If your data set is very small, you likely will need a leave-one-out split,
which can be performed via SplitLeaveOneOut()
:
>>> samples = [1, 2, 3]
>>> for train, test in samples >> SplitLeaveOneOut():
... print(train, ' : ', test)
[2, 3] : [1]
[1, 3] : [2]
[1, 2] : [3]
Stratifying data¶
Real world data often contains considerably different numbers of samples for the classes to learn (class imbalance). Training a classifier on such an unbalanced data set could introduce a classification bias. Typically the classifier is more accurate on the class with more samples. A common method to avoid this bias, is to stratify the data by over- or under-sampling samples based on their class labels.

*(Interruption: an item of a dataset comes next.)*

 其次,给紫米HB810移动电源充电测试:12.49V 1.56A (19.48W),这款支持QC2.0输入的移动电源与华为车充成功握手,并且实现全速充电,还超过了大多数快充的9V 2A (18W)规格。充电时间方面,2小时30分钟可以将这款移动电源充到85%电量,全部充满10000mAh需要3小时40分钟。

In the following example, we create an artificial sample set with 10 samples
belonging to the good
class and 100 samples for the bad
class.
CountValues()
returns a dictionary with the sample frequencies for the
class labels:
>>> samples = [(0, 'good')] * 10 + [(1, 'bad')] * 100
>>> labelcol = 1
>>> labeldist = samples >> CountValues(labelcol)
>>> print(labeldist)
{'good': 10, 'bad': 100}
Obviously, this is a strongly unbalanced data set. After stratification the samples frequencies are much more balanced:
>>> stratified = samples >> Stratify(labelcol, labeldist) >> Collect()

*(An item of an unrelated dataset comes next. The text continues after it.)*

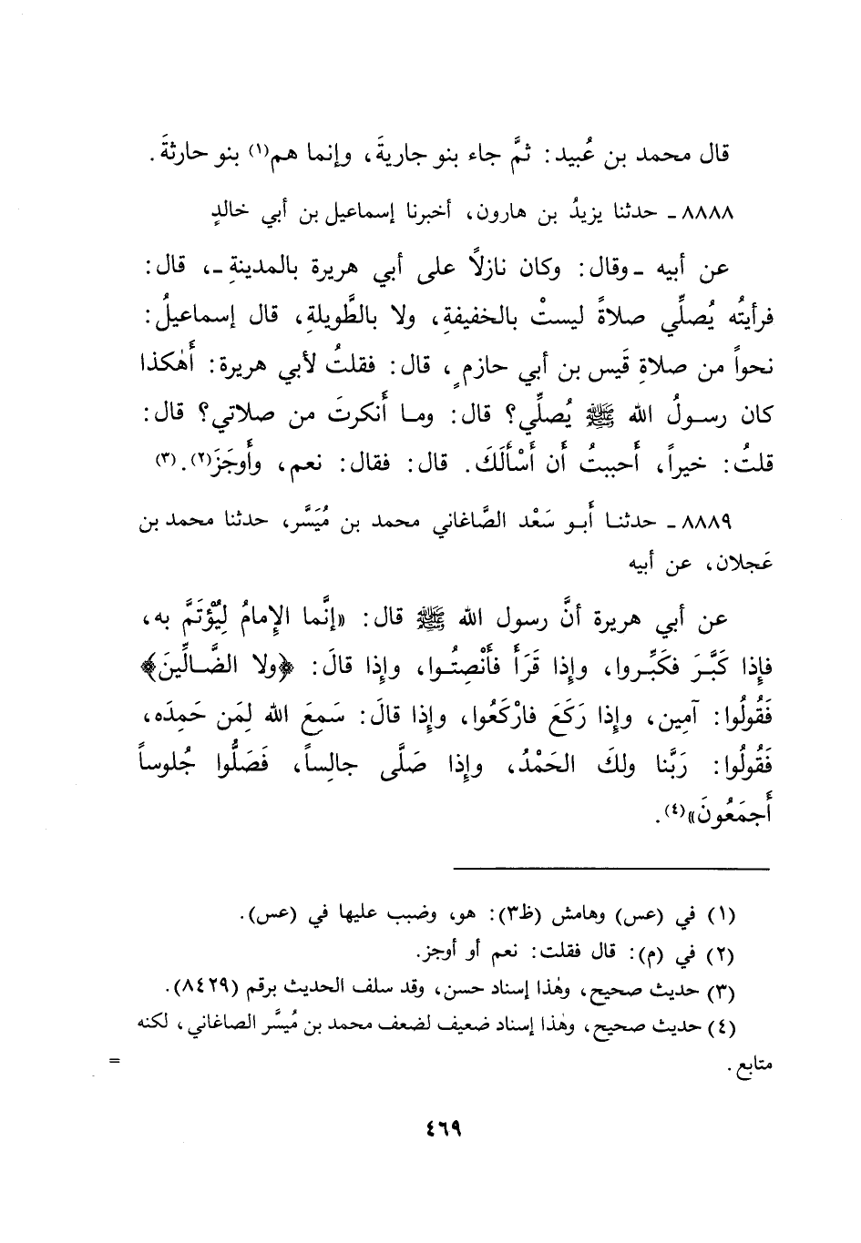 ٨٨٨٩ - حَدَّثَنَا أَبُو سَعْدٍ الصَّاغَانِيُّ مُحَمَّدُ بْنُ مُيَسَّرٍ، حَدَّثَنَا مُحَمَّدُ بْنُ عَجْلَانَ، عَنْ أَبِيهِ، عَنْ أَبِي هُرَيْرَةَ، أَنَّ رَسُولَ اللهِ صَلَّى اللهُ عَلَيْهِ وَسَلَّمَ قَالَ: " إِنَّمَا الْإِمَامُ لِيُؤْتَمَّ بِهِ، فَإِذَا كَبَّرَ فَكَبِّرُوا، وَإِذَا قَرَأَ فَأَنْصِتُوا، وَإِذَا قَالَ: {وَلَا الضَّالِّينَ} [الفاتحة: ٧] ، فَقُولُوا: آمِينَ، وَإِذَا رَكَعَ فَارْكَعُوا، وَإِذَا قَالَ: سَمِعَ اللهُ لِمَنْ حَمِدَهُ، فَقُولُوا: رَبَّنَا وَلَكَ الْحَمْدُ، وَإِذَا صَلَّى جَالِسًا، فَصَلُّوا جُلُوسًا أَجْمَعُونَ " (٤)

>>> print(stratified >> CountValues(labelcol))
{'good': 10, 'bad': 9}
Stratify()
requires the label distribution of the unbalanced data set
as input and down-sampling is based on the sample frequencies in labeldist
.
If the label distribution is known upfront, it can provided directly and
there is no need to call CountValues()
.
Note
Stratify()
randomly selects samples but does not change the order
of samples. Use Shuffle
to ensure random ordering, e.g.
Stratify() >> Shuffle(1000) >> Collect()
.
Splitting and stratifying¶
In this example we combine loading, splitting and stratification of sample data. We take only 120 of the 150 samples of the Iris flower data set to create an artificially unbalanced sample set:
>>> filepath = 'tests/data/iris.csv'
>>> train, test = ReadPandas(filepath) >> Take(120) >> SplitRandom(ratio=0.7)
>>> labelcol = 4
>>> train >> CountValues(labelcol)
{'Iris-versicolor': 33, 'Iris-setosa': 35, 'Iris-virginica': 16}
Next we stratify and shuffle the training data:
>>> labeldist = train >> CountValues(labelcol)
>>> train >> Stratify(labelcol, labeldist) >> Shuffle(100) >> CountValues(labelcol)
{'Iris-setosa': 23, 'Iris-virginica': 16, 'Iris-versicolor': 16}
As you can see, the training data is now balanced again. Shuffle(100)
loads 100
samples in memory and shuffles them to perform a (partial) randomization of the
sample order. Typically we would perform stratification and shuffling in the
training loop. Here a template example:
train, val, test = ReadPandas(filepath) >> SplitRandom((0.8, 0.1, 0.1))
for epoch in range(EPOCHS):
accuracy = (train >> Stratify(labelcol, labeldist) >> Shuffle(100) >>
build_batch >> network.train() >> Mean())
Note that SplitRandom()
creates the same split every time it is called,
while Stratify()
will down-sample randomly. This ensures rerunning a training
operates on the same training and test data but in the training loop stratification
and shuffling randomizes the order of samples. This is usually what you want but
you can provide random number generators with specific seeds to change this
default behavior.
For the building of batches and network training see the later sections of the tutorial.